0x6310000007fc is located 4 bytes to the left of 65537-byte region [0x631000000800,0x631000010801)
allocated by thread T0 here:
    #0 0x10c5a59f3 in wrap_malloc (libclang_rt.asan_osx_dynamic.dylib:x86_64+0x5e9f3)
    #1 0x10c24068b in ast_malloc vmbusy.c:25
    #2 0x10c051511 in sh_iostream io.c:324
    #3 0x10c0502e9 in sh_ioinit io.c:236
    #4 0x10c03bf8e in sh_init init.c:1137
    #5 0x10c0cdb2d in sh_main main.c:114
    #6 0x10bf2375b in main pmain.c:39
    #7 0x7fff73a537fc in start (libdyld.dylib:x86_64+0x1a7fc)

That sort of reproduction is immensely harder now that the code is once again using the AST vmalloc subsystem rather than the platform malloc subsystem. This means that using tools like ASAN are, once again, impossible. Not to mention that the project no longer includes any ability to run interactive tests. Something @siteshwar and I addressed in the work leading up to the 2020.0.0 release by introducing expect based tests of interactive behavior.

The first big change I made was replacing the AST vmalloc subystem with the OS malloc subsystem. That resulted in several unit test failures that were not previously seen. All of those test failures were due to the same type of bug as this issue. That is, dereferencing an address outside the bounds of dynamically allocated arrays. We found many more such bugs after enabling ASAN and Valgrind.

DavidMorano commented 4 years ago

@krader1961

That sort of reproduction is immensely harder now that the code is once again using the AST vmalloc subsystem rather than the platform malloc subsystem.

You did not replace the system MALLOC w/ AST VMALLOC in ksh2020, did you? I hope not.

gordonwoodhull commented 4 years ago

@DavidMorano, I think @krader1961 is referring to #1466, the rewinding of this repo to ksh93u. I don't see why ksh2020 can't live on elsewhere. It is available on the ksh2020 branch.

This is just a repo. Forks happen.

jghub commented 4 years ago

This is a heisenbug. This bug is present in ksh93u+.

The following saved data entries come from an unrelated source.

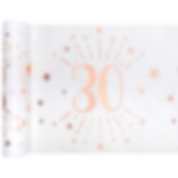 Mooie tafelloper die schittert met decoratieve patronen in roségoud en het getal '30'. Deze tafelloper komt in een handige rol en is 30 cm breed en maar liefst 5 meter lang. Het is genoeg voor meerdere tafels en een groot 30-jarig feest. Het materiaal is 100% polyester.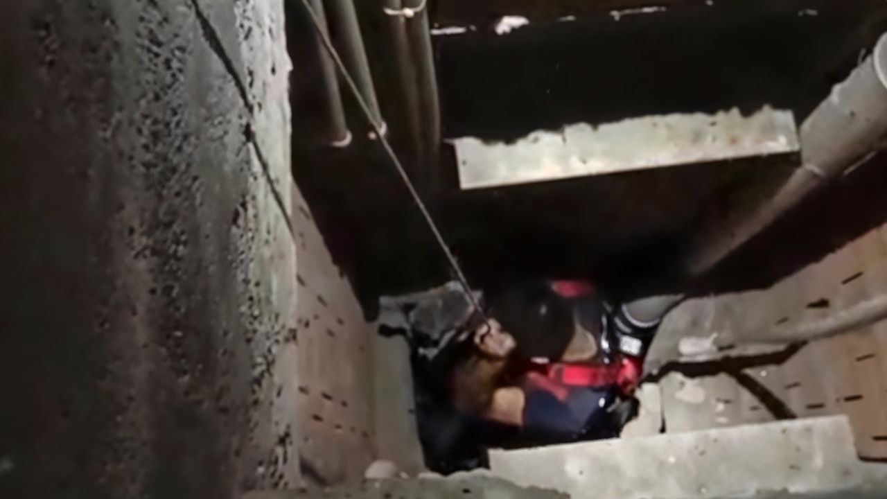 Olay yerine gelen itfaiye ekipleri, kedinin yaklaşık 6-7 metre derinlikte mahsur kaldığını tespit etti.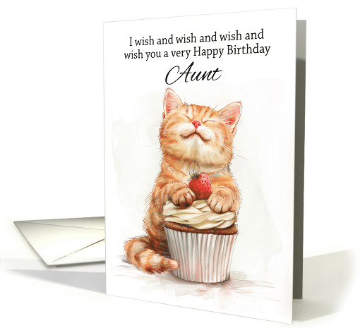 Aunt Birthday Cat Leaning on a Cupcake Sending Lots of Wishes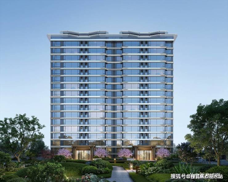 ▋ 超流体美学立面:区域新房仅有景观阳台封窗,配以弧形铝板线条,豪宅外立面即视感。

in the so-called "stable" ksh2020 release it is 100% reproducible in OSX (like for the OP). nothing of a heisenbug to it at all (on that platform, anyway).

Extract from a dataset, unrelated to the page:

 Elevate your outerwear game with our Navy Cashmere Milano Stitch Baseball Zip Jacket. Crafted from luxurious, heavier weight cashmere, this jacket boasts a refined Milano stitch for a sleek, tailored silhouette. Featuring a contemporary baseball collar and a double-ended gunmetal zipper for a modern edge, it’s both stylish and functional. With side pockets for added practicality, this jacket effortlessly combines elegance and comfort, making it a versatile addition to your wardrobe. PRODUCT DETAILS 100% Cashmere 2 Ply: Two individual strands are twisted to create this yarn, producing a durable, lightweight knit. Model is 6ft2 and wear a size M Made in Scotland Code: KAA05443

OTOH, I was not able to make ks93u+ segfault ONCE under OSX due to vi-editor misbehaviour in >5 years using this editor mode.

if krader were technically right to claim that it is a bug in ksh93u+, he should provide an example how to trigger that bug in ksh93u+ I'd say. if that is not possible it is not a real bug but a perceived or theoretical one (which might or might not be worth to fix at some point).

I had determined the root cause of this issue a few hours after this issue was opened. But I waited till now to see if anyone would take the issue seriously. I was not surprised in seeing the new people in control of the project assuming the bug was introduced by me. That is, since the ksh93v- or ksh93u+ release.

for the record and in order to prevent krader's misinformation to take hold:

1. there are no "new people in control of the project". @gordonwoodhull and the ATT/AST team came to a (good) decision due to the situation explained in #1464 and #1466 and revoked commit rights to krader (and everybody else external to ATT) and rewound to ksh93u+ while moving ksh2020 to the side on a branch. "not taking the issue seriously": a) this issue concerns ksh2020 and is not observed with ksh93u+. b) future work on ksh93u+ and ksh2020 will have to happen in (separate) forks of the present repo.

2. nobody assumed anything. the factual statement is "it is a 100% reproducible bug in the ksh2020 release under OSX and the segfault is not observed in ksh93u+ at all with the same OS".

3. there is no official ksh93v- release. ksh93v- was/is beta. ksh2020 is a descendant of this beta-software and did never manage to make the new, still buggy ksh93v- features work or get otherwise out of beta-state. rather those features were deleted. AFAIK, ksh2020 does provide no desirable functionality beyond what ksh93u+ provides but is way more buggy due to its ksh93v- heritage plus its own new problems than ksh93u+. and slower. "buggy" as in "does not work properly, misbehaves, segfaults".

This bug will rarely be observed because it requires that

4. this bug is always observed with the ksh2020 release under OSX.

regarding the future of ksh2020: as @gordonwoodhull already pointed out, krader is free to fork and go ahead with it. other people will go ahead starting from ksh93u+ it seems.